There was tension on the turf after Sunday’s NFL matchup.
Jacksonville Jaguars head coach Liam Coen and the San Fransico 49ers’ defensive coordinator Robert Saleh exchanged words after the Jaguars defeated the 49ers at Levi's Stadium Sept. 28.
Tensions were high as the payers and coaching staff took the field to shake hands, according to a video shared across social media, with Coen seemingly being held back by Jaguars players as he shouted in Saleh’s direction, “Keep my name out your mouth,” before being ushered into the tunnel.
And while the exchange shared on social media seemed one-sided, Sports Director for Jacksonville affiliate stations WFOX-TV and WJAX-TV Brent Martineau, whose stations shared the original video, reported Selah fired back.
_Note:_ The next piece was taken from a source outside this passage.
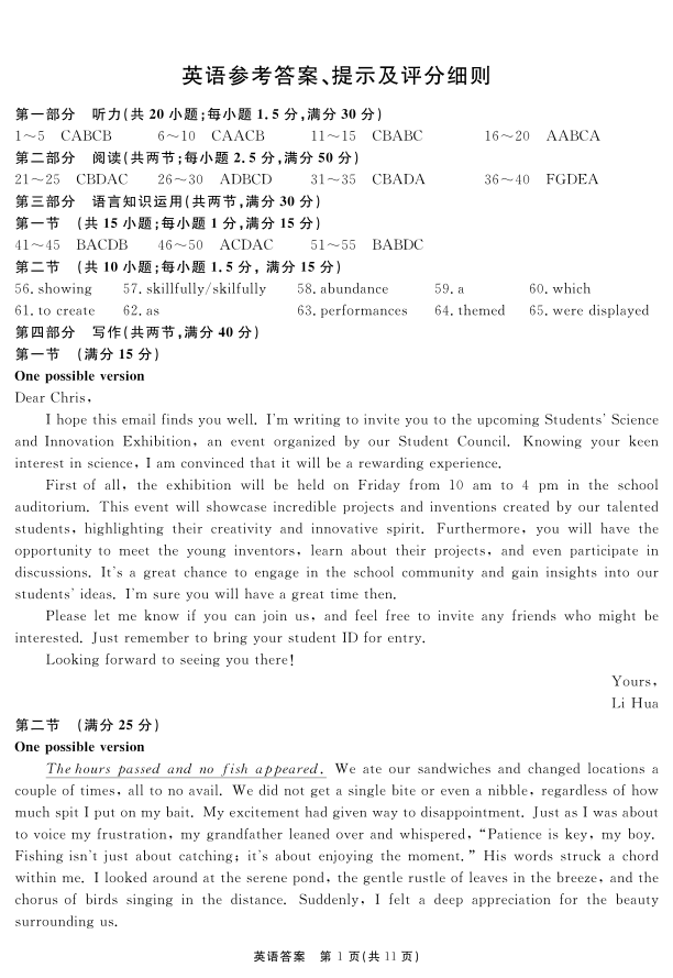 安徽师范大学附属中学2025届高三12月模拟考试 英语答案.pdf

“‘I will f--k your world up,’” Saleh responded in the original transcript from the confrontation, according to Martineau’s Sept. 28 X post. “‘You don’t want to f--k with me. I will f--king end your f--king life.’”
Coen—who made his debut as the head coach this season—subsequently downplayed the situation.
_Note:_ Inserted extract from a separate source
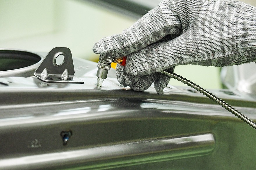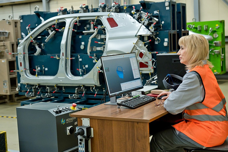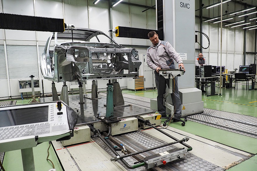Каждый сваренный кузов проходит через контроль внешнего вида, где проверяется, не получили ли поверхности вмятин и забоин, а затем поступает на проверку 1D геометрии с помощью измерительных стендов. Выборочные кузова отправляются на проверку толщины пакета зафланцовки навесных узлов и глубины пробивки VIN-номера.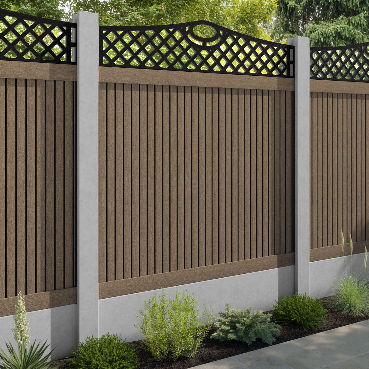 Virtis Oxford Curved Top Fence Panel Teak - for existing concrete posts

“Not a big deal,” he told a reporter asking him to elaborate on the confrontation in a post-game press conference. “We’re gonna keep that between us right now.”
As for 49ers head coach Kyle Shanahan, he shrugged off the incident.
"I didn’t see what happened so I’m not sure,” Shanahan said to reporters. “I don’t think he [Liam] should be that sensitive about it, but that’s the way it is.”
However, it appeared bad blood between the teams began brewing days earlier when Saleh spoke unprompted about Coen and other NFL coaches use of the "sign stealing" strategy.
“Liam and his staff, a couple of guys coming from Minnesota, they've got—legally—a really advanced signal-stealing type system where they always find a way to put themselves in an advantageous situation,” Saleh said during a team press conference Sept. 25. “They do a great job with it.”
“And there's nothing illegal about it,” he continued. “I'm not suggesting that. It's just you can tell that they've got a system that's getting them into a very advantageous position multiple times during the course of a game.”